Ветер, стихший после заката, снова усилился. Я был на палубе, радуясь быстрому ходу судна. Тишина нарушалась лишь журчаньем воды, разрезаемой нашим килем, шелестом надутых парусов, свистом ветра в вантах и мерным постукиванием судового двигателя. Море слетка волновалось, то покрываясь белыми гребешками, то успокаиваясь; облака исчезли; темные небеса опустились над безбрежными водами, в которых звезды тщетно искали свое привычное зеркало. Мы шли со скоростью не менее восьми узлов.

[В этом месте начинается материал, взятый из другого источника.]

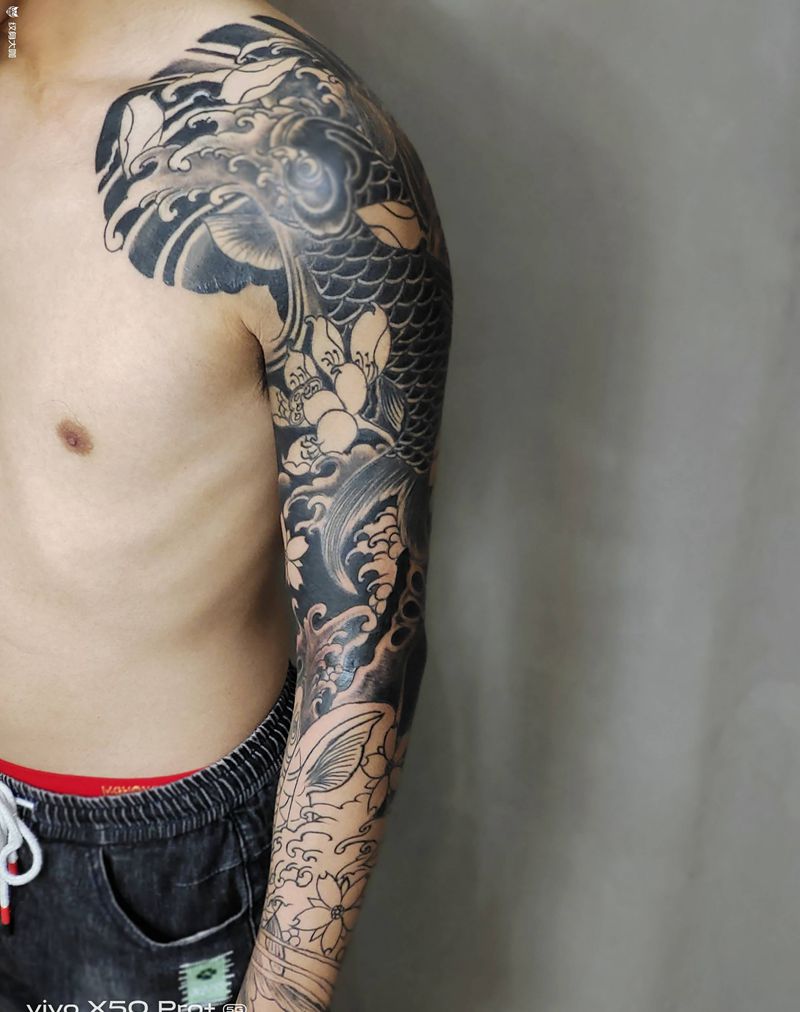 当前位置: 首页 >山西省太原市纹身店-太原翼龙刺青工作室纹身图案>日式老传统花臂纹身图片_手臂老传统纹身图案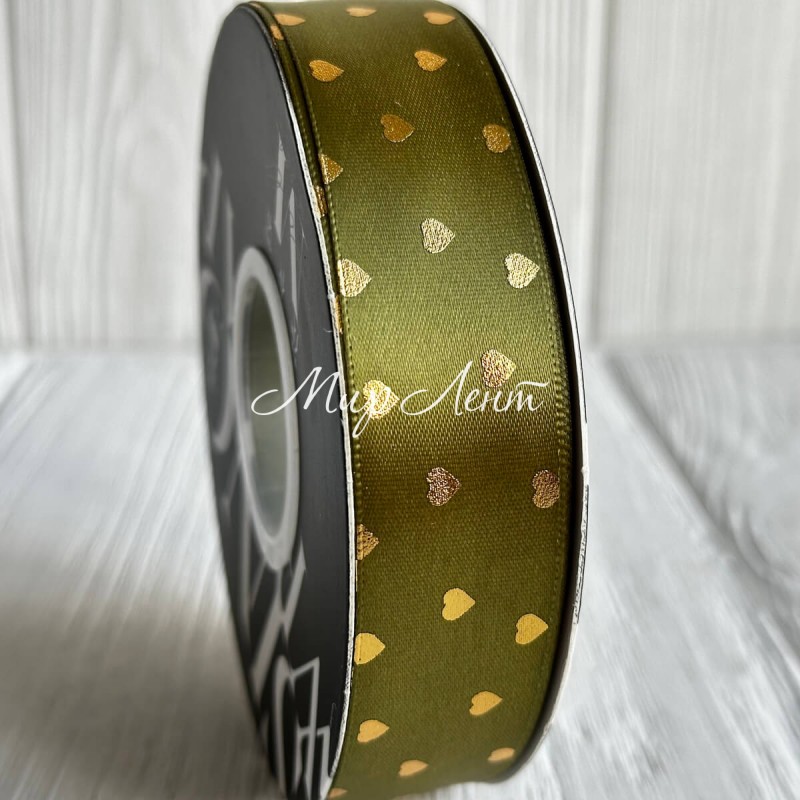 Лента атласная в золотое сердечко, 2,5 см, насыщенно-оливковый, рулон 30 м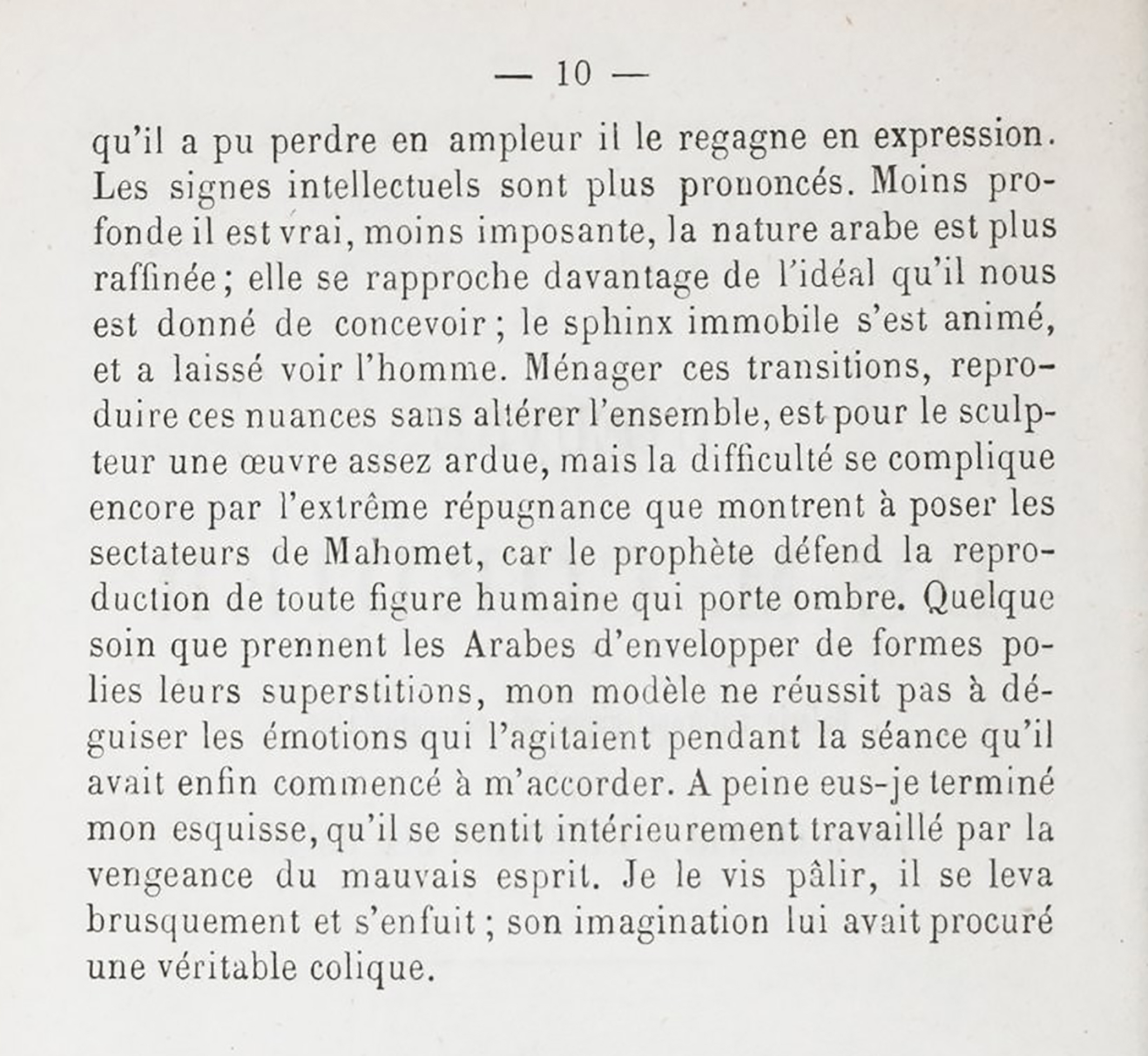 “The regularity and fineness of the features, the boldness and nobility of the lines, the harmonious and elegant whole presented by the physiognomy [of our head] are evidence of a privileged nature. The Arab type is indeed one of the most beautiful of the Caucasian race, and it is in the tribe of El-Aghouat that it takes on its most aristocratic character. In the individuals of this tribe, who are almost all alike, there is something of the grandeur and mysteriousness of the Assyrian figures. This type has retained all of their primitive severity and majesty. What it may have lost in magnitude, it has regained in expression. The intellectual signs are more pronounced. Less profound it is true, less imposing, Arab nature is more refined; it is closer to the ideal that we are given to conceive; the immobile sphinx has come to life and has allowed man to be seen. To preserve these transitions, to reproduce these nuances without altering the whole, is for the sculptor a rather arduous task, but the difficulty is further complicated by the extreme reluctance shown by the sectarians of Mohammed to pose, for the prophet forbids the reproduction of any human figure that carries a shadow. However much care the Arabs take to shroud their superstitions in polished forms, my model did not succeed in disguising the emotions that stirred him during the sitting which he had finally begun to consent to. No sooner had I finished my sketch, than he felt inwardly tormented by the vengeance of the evil spirit. I saw him turn pale, he rose abruptly and fled […]”, Charles Cordier, 1860.
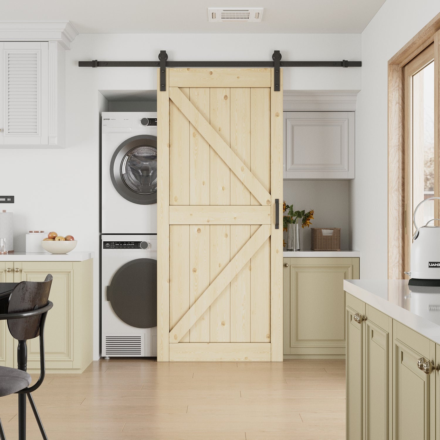 Barn Doors and Hardware Track Kit Included Handle, Unfinished, K-Design,Heavy Solid Anti-Scratch Solid Pine Wood, Wood Sliding Barn Door, Simple DIY Assembly, Easy to Install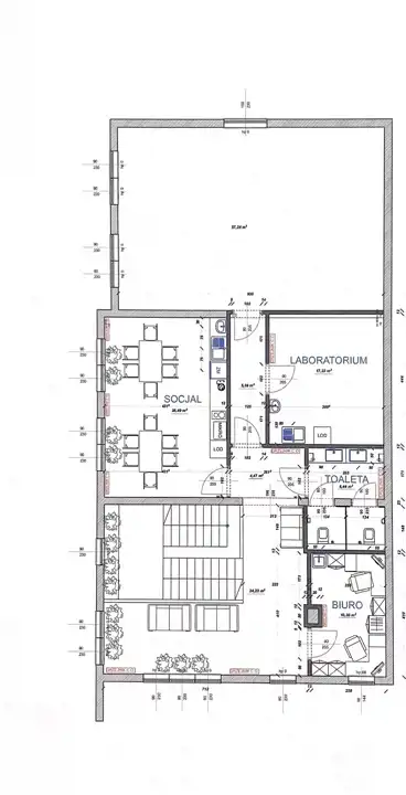 Parter (ok. 133 m²): Przestronne pomieszczenie biurowe, 2 szatnie oraz 2 łazienki.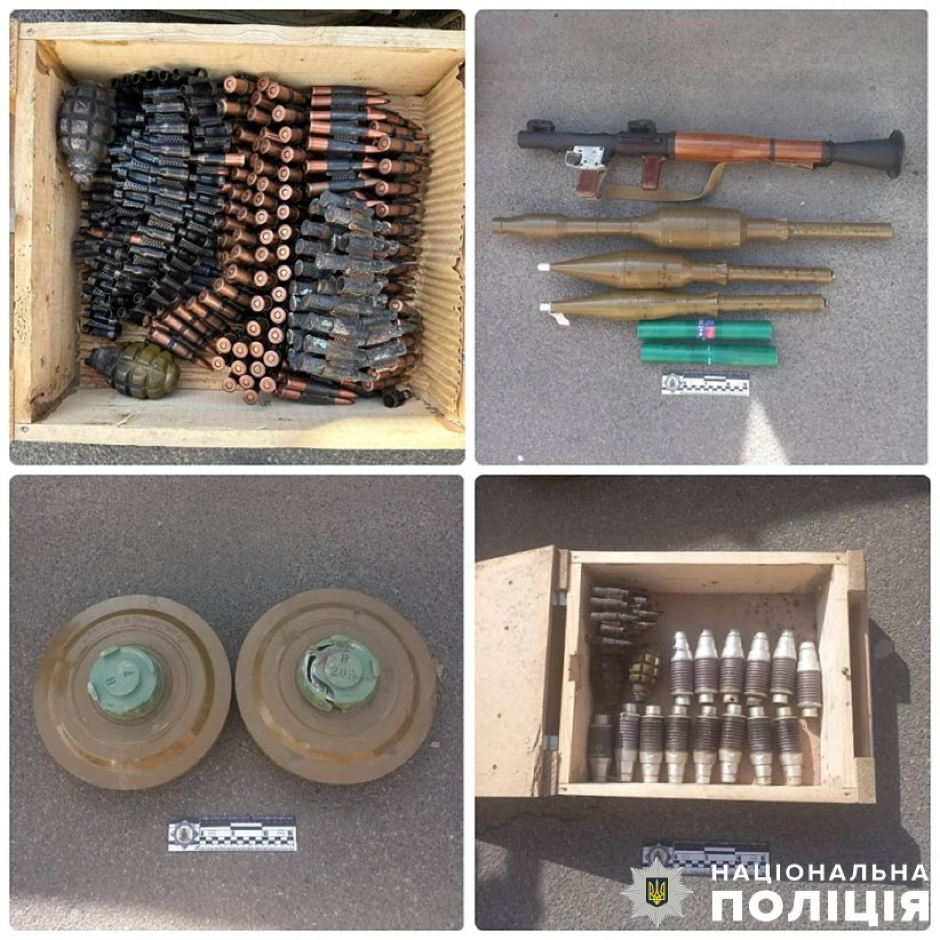 Так, у ході проведення санкціонованих обшуків правоохоронці вилучили з незаконного обігу чималий арсенал: переносний протитанковий комплекс, протитанкові гранати, майже 2500 патронів різного калібру, 9 гранат Ф-1, дві ручні кумулятивні гранати, димову та протитанкову гранату, саморобний вибуховий пристрій, сигнальні міни, димові шашки, ручний протитанковий гранатомет, гранатометні постріли та інше.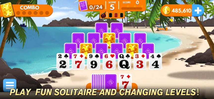 Relax and play Solitaire Mystery games to your heart’s content even OFFLINE! Enjoy the smoothest gameplay with 60+ great graphics and amazing theme rooms. Relax with tropical vibes in this tiki solitaire Tripeaks. Solitaire resort is a very popular theme giving tropical vibes.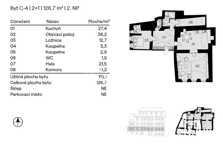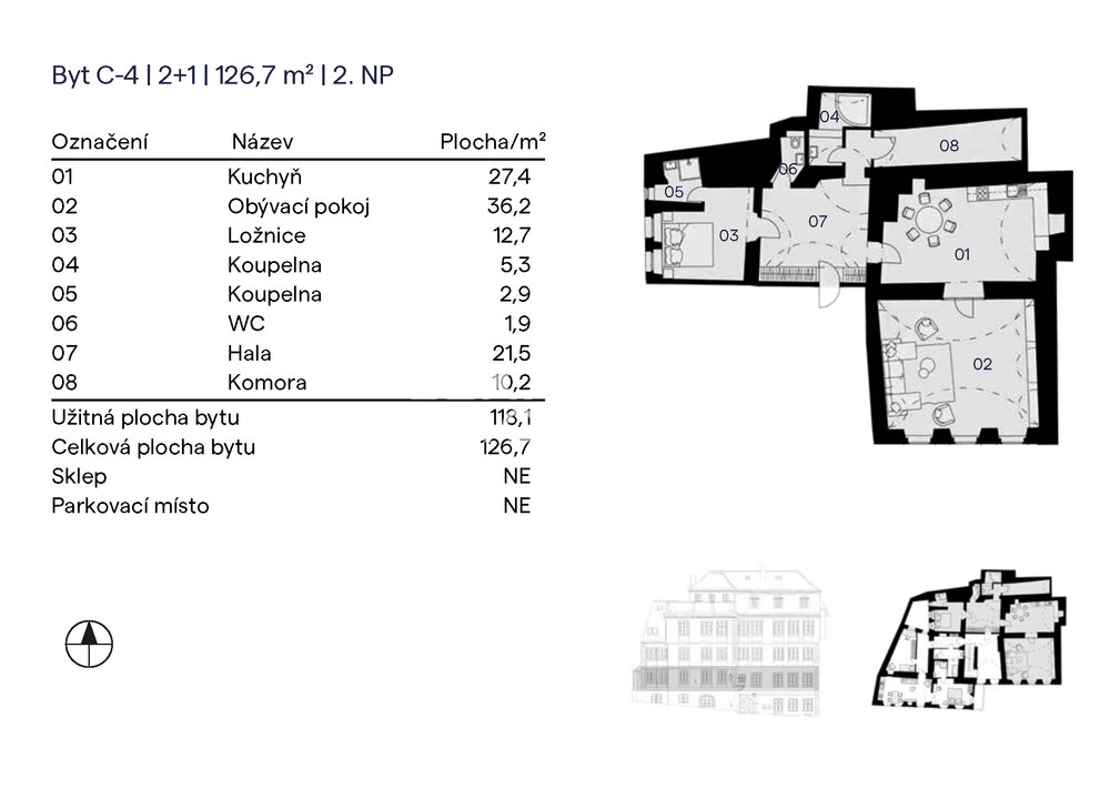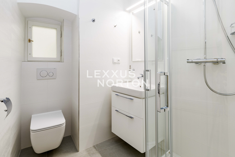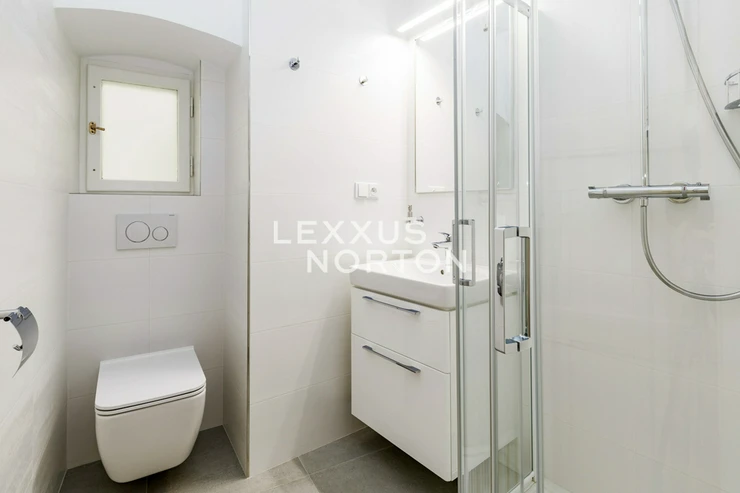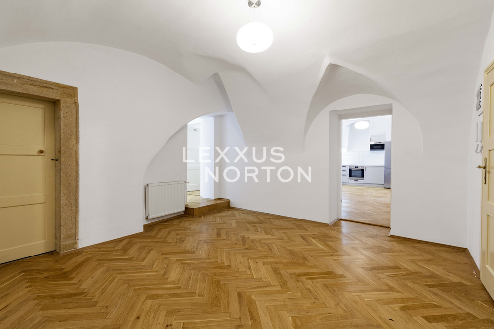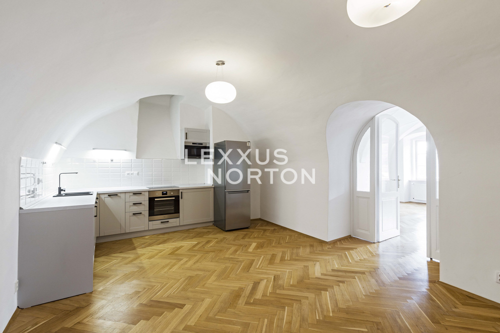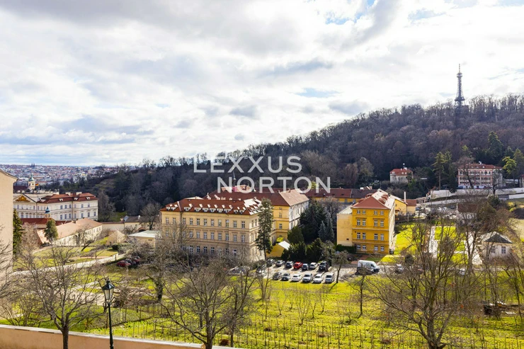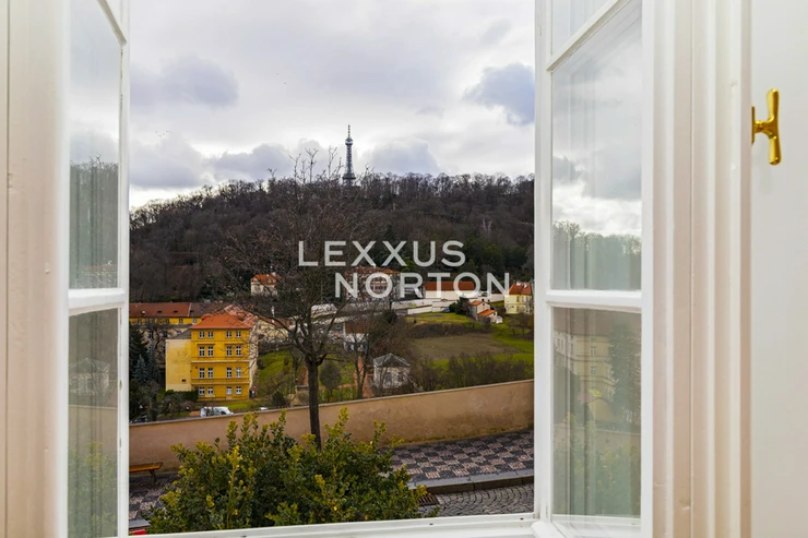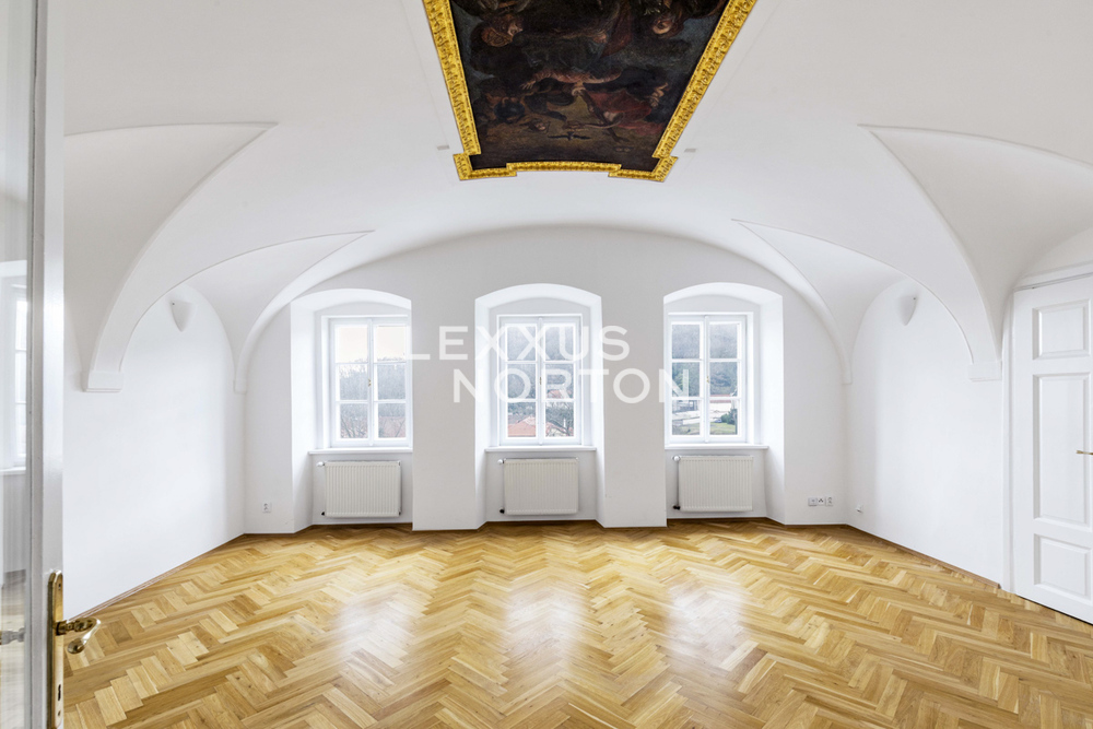 Above-standard housing with a unique atmosphere located in a prestigious location of Mala Strana. A very spacious one-bedroom apartment for sale with a view of Petrin with a total area of 126.7 sqm is perfect for a single person or a couple looking for unusual living and inspiring spaces. Rezidence Úvoz is located in a picturesque suburb and is surrounded by history, greenery and culture.The completely renovated apartment is located on the first floor and is designed with an emphasis on practicality and spectacular spaces. From the representative entrance hall (21,5 sqm) one can move to the bedroom (12,7 sqm) with en-suite bathroom with shower and toilet or also to the fully equipped kitchen with dining area (27,4 sqm). From the kitchen there is a direct access to the living room (32 sqm). The apartment also offers a spacious pantry (10,2 sqm), a second bathroom with bathtub and a separate toilet. The kitchen is fully equipped with modern Whirlpool appliances. In the bathrooms you will find furnishings from renowned brands Laufen, Huppe, Hansgrohe and for your comfort there is a new Vaillant gas boiler installed. The interior of the apartment is perfectly in tune with the historical spirit of the building, as evidenced by the solid wooden ceiling, ceiling painting with historical motifs and the admitted stone on the ceiling in one of the bathrooms. The mullioned windows together with the numerous arches give the apartment a unique atmosphere. The emphasis on quality and design is evident in every detail, which is enhanced by the large-format tiles or restored oak parquet floors.The location offers excellent transport links, including walking access to tram and bus stops. The A line metro stations - Hradcanska and Malostranska - are also nearby. The surrounding area offers a full range of amenities - from first-class restaurants, bars and bistros to cafes, galleries and museums. For nature and history lovers, there are several parks and historical monuments nearby, including Prague Castle, Hradcany, Petrin, Lobkovicka zahrada, Svatojanska vinice, Velka Strahovska zahrada and more.

Внезапно я услышал громкий всплеск. Вахтенные матросы кинулись к борту, крича:

— Человек за бортом!

— С палубы никто не падал, — сказал рулевой. — Просто что-то выбросили из кормовой каюты.

Раздалась команда: «Спустить шлюпку!» Я бросился в каюту сестры. Она была пуста, Убрали паруса и остановили машину. Судно оставалось на месте, пока после целого часа поисков бедную мою Пердшу не подняли на борт. Никакими стараниями не удалось оживить ее, никакими средствами нельзя было открыть милые глаза и заставить вновь забиться остановившееся сердце. В руке она сжимала клочок бумаги, на котором было написано: «В Афины». Чтобы ее отправили туда, чтобы тело ее не затерялось в безбрежном море, она предусмотрительно обвязалась по талии длинным шарфом, прикрепив конец его к окну каюты. Пердиту затянуло под киль судна, на поверхности воды ее не было видно; вот отчего ее так долго не могли найти. Так погибла несчастная женщина, жертва моей бессмысленной поспешности. Так, во цвете лет, она покинула нас ради мертвеца, предпочтя скальную могилу Раймонда всем радостям земной жизни и обществу любящих друзей. Так, на двадцать девятом году, она умерла, испытав несколько лет неземного счастья, а затем лишившись его, с чем ее нетерпеливый характер и потребность любить не смогли смириться. Глядя на умиротворенное выражение, какое приобрело лицо Пердиты после смерти, я подумал, несмотря на муки совести и раздиравшие душу сожаления, что ей лучше было умереть так, чем влачить долгую жизнь, полную горьких жалоб и безутешного горя.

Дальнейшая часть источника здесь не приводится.